There's an honest boundary worth naming. When the blocker is access or volume — you can't get production data, or you need far more of it than exists — synthesis is the right tool. But when you specifically need the exact tangle of one real record's history, with its real edge cases intact, modeling it from a distribution is the wrong instrument, and de-identifying the production data in place tends to fit better. The two aren't really in competition; they suit different problems, and which is safer for a given dataset turns on the re-identification risk and the safeguards each approach brings.
Seeding vs. generating from scratch vs. de-identifying production: choosing the approach
There are three routes to non-production data, and seeding from an existing database is only one of them. Each fits a different starting point. Seeding from an existing database models a real source to produce high-fidelity, net-new records — the right choice when you have a database and need more safe data shaped like it. Generating from scratch needs no source at all: you describe what you want and the tool produces it, which fits greenfield features and scenarios your real data has never recorded. De-identifying production takes the real records and transforms them in place — masking or replacing sensitive values while keeping everything else exactly as it was — the approach a tool like Tonic Structural takes, and the one to reach for when the real-world shape of specific records is the whole point.

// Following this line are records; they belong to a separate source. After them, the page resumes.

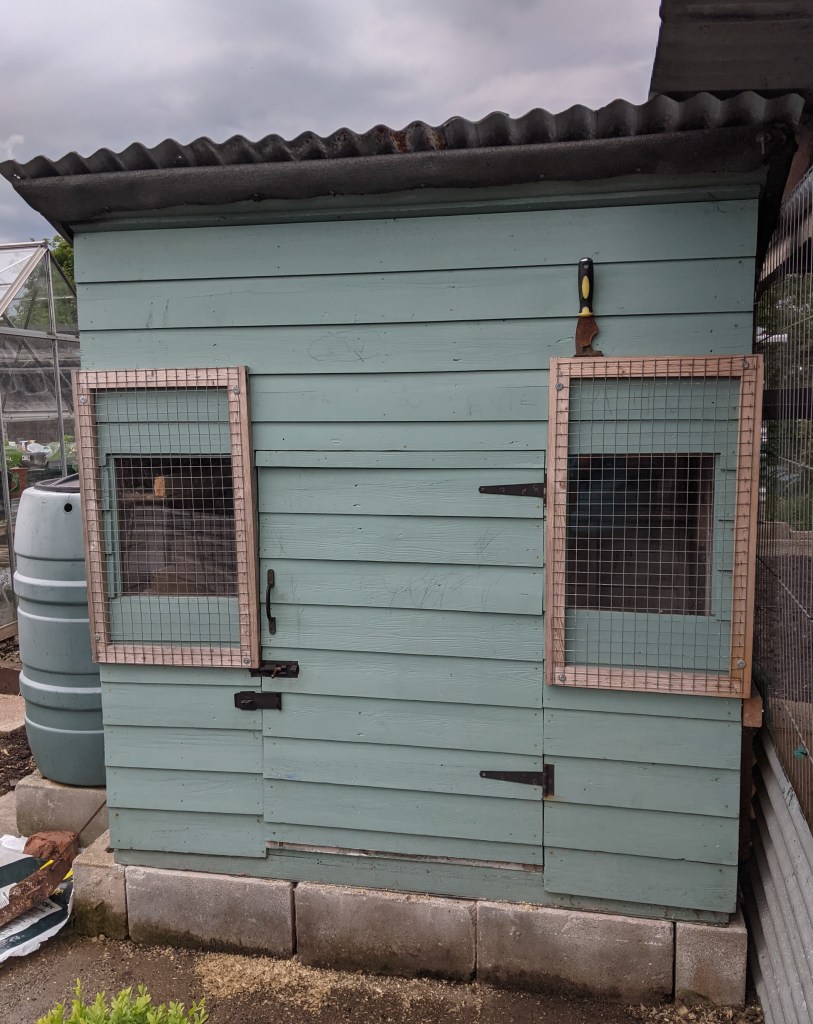 The skies were blue, the air crisp and there wasn’t a rain cloud in sight when I arrived on site this morning. Lots of people were down, making the most of the dry spell before the inevitable rain forecast for the entirety of the rest of the week. I said hello to Geoff and Andy who were chatting on the main path. I opened up the shed and came back when Andy called saying he was getting rid of his chicken nest box and run as Brad wanted to put in a large polytunnel. The nest box is situated outside the run and is a converted wooden Wendy house. It’s gorgeous and my only hesitation in accepting his very generous offer was its size. The main coop runs the entire width of our plot and the back joins the narrow winding path across the site towards the car park. The only place it might fit was directly in front of the coop however, I wasn’t sure if there would be enough room between the coop and the fruit tree bed. Borrowing Andy’s measuring tape, we measured up the nest box to find it was 3ft wide by 5ft long. Down we went to the main coop and measured out the dimensions. It couldn’t have been a more perfect fit!
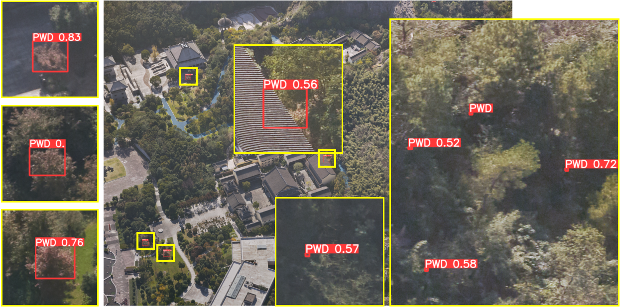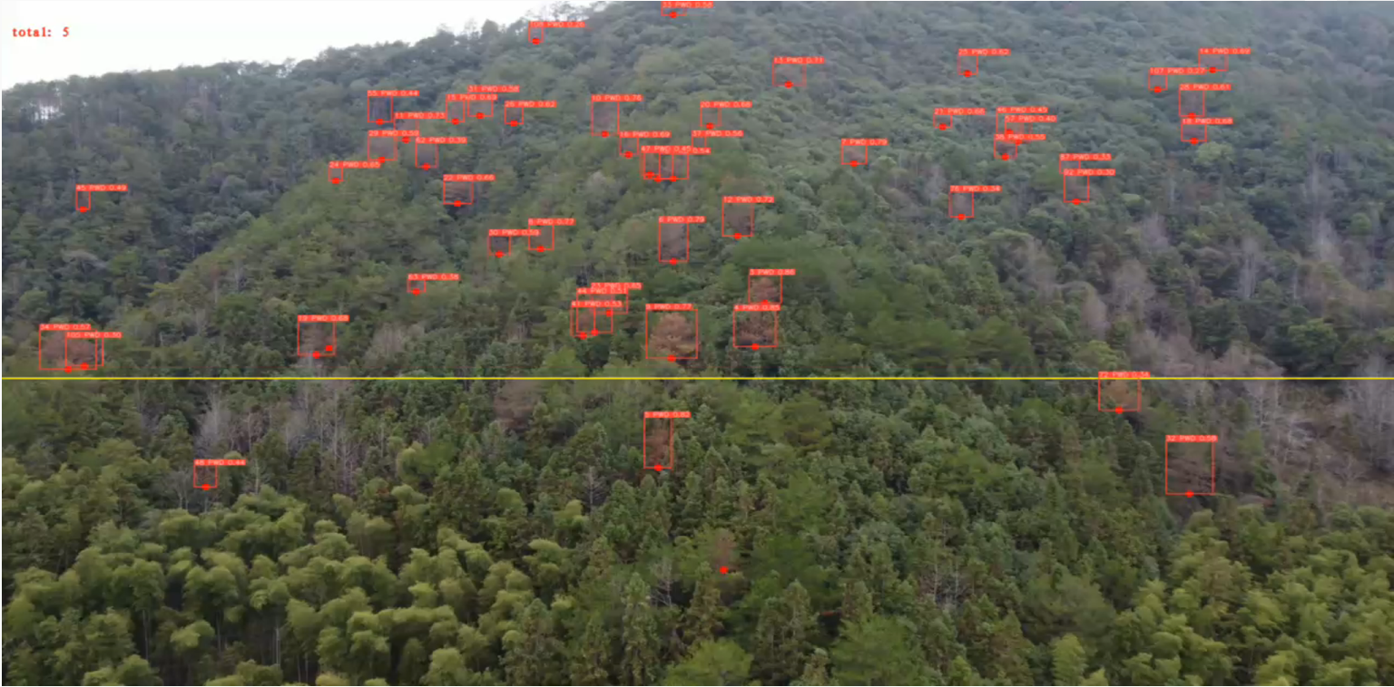 松材線蟲病死樹出現(xiàn)的高峰期在每年的8—10月份,一株松樹感染松材線蟲病最快40天左右就會(huì)死亡。飛燕遙感AI智能識(shí)別方案具有監(jiān)測速度快、識(shí)別準(zhǔn)確率高、實(shí)施成本低的特點(diǎn),能夠及時(shí)發(fā)現(xiàn)松樹異常情況,確保疫情早發(fā)現(xiàn)、早除治。
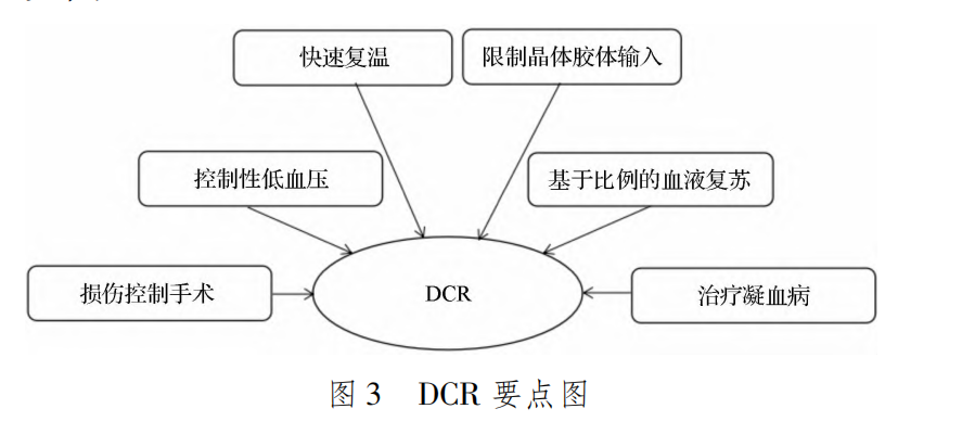 创伤本身的正确处理可以概括为损伤控制性复苏(DCR),即通过损伤控制手术、控制性低血压、快速复温、限制晶体胶体输入、基于比例的血液复苏及治疗凝血病来减少损伤、出血,以改善伤者的预后。见图3。 创伤性出血PBM应高度重视止血异常和凝血功能障碍的及时处理,在创伤性出血PBM的红细胞(RBC)、PLT及凝血因子的管理链条中,PLT及凝血因子的管理处于链条的上游。如果伤者同时存在RBC、PLT及凝血因子的替代治疗指征,应适当优先考虑PLT、凝血因子的替代治疗,目的是减少或避免因止血异常、凝血功能障碍导至的出血。

The deciding question is what's actually blocking you. An access or volume problem points to synthesis, in either form. A need for the precise, irreplaceable detail of real records points to de-identification. And the two are often used together rather than chosen between: de-identify a production dataset so it's safe to handle, then seed a generator from the de-identified version to scale it up well beyond the original volume, without reintroducing the sensitive records you just removed.
| Seed from an existing database | Generate from scratch | De-identify production | |
|---|---|---|---|
| Source data required | Yes — an existing schema and data to model | No — works from a specification alone | Yes — the production records themselves |
| Preserves exact real-world edge cases | Approximates them statistically; rare specifics can smooth out | No — only the scenarios you specify | Yes — keeps the exact real shape, transformed in place |
| Net-new records, no real individual behind them | Yes | Yes | No — the same records, with sensitive values replaced |
| Scales beyond production volume | Yes — generate far more than the source holds | Yes — volume is whatever you specify | Limited — roughly mirrors the source volume |
| Best-fit scenario | You have a real database and need more safe data shaped like it | No usable or safe source data exists yet | You need the precise tangle of real records, made safe |
None of the three is universally best; they map to different gaps. For a fuller breakdown of when to use synthetic versus real production data, the trade-offs run deeper than seeding alone — but for the specific job of turning a database you already have into safe data that behaves like it, seeding is the most direct route, and it's where a generator that respects relationships earns its keep.